• _Data for the task_
____________________
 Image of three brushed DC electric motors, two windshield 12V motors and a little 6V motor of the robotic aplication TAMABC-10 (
____________________
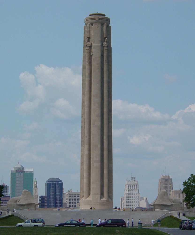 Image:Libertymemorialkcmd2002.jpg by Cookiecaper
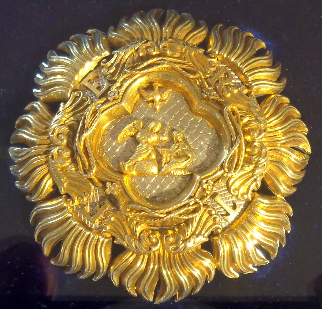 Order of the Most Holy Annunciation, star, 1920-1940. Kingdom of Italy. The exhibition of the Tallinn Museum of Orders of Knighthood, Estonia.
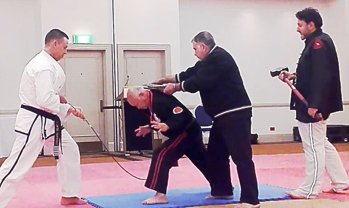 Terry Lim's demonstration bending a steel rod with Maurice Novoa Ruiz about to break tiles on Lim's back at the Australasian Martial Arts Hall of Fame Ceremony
____________________
• _Required action_
What you return from the records above should be exactly everything from the line with "Image:Libertymemorialkcmd2002.jpg by Cookiecaper" down to the line with "Terry Lim's demonstration", both kept, and no pictures.

• _Response_
 Image:Libertymemorialkcmd2002.jpg by Cookiecaper
 Order of the Most Holy Annunciation, star, 1920-1940. Kingdom of Italy. The exhibition of the Tallinn Museum of Orders of Knighthood, Estonia.
 Terry Lim's demonstration bending a steel rod with Maurice Novoa Ruiz about to break tiles on Lim's back at the Australasian Martial Arts Hall of Fame Ceremony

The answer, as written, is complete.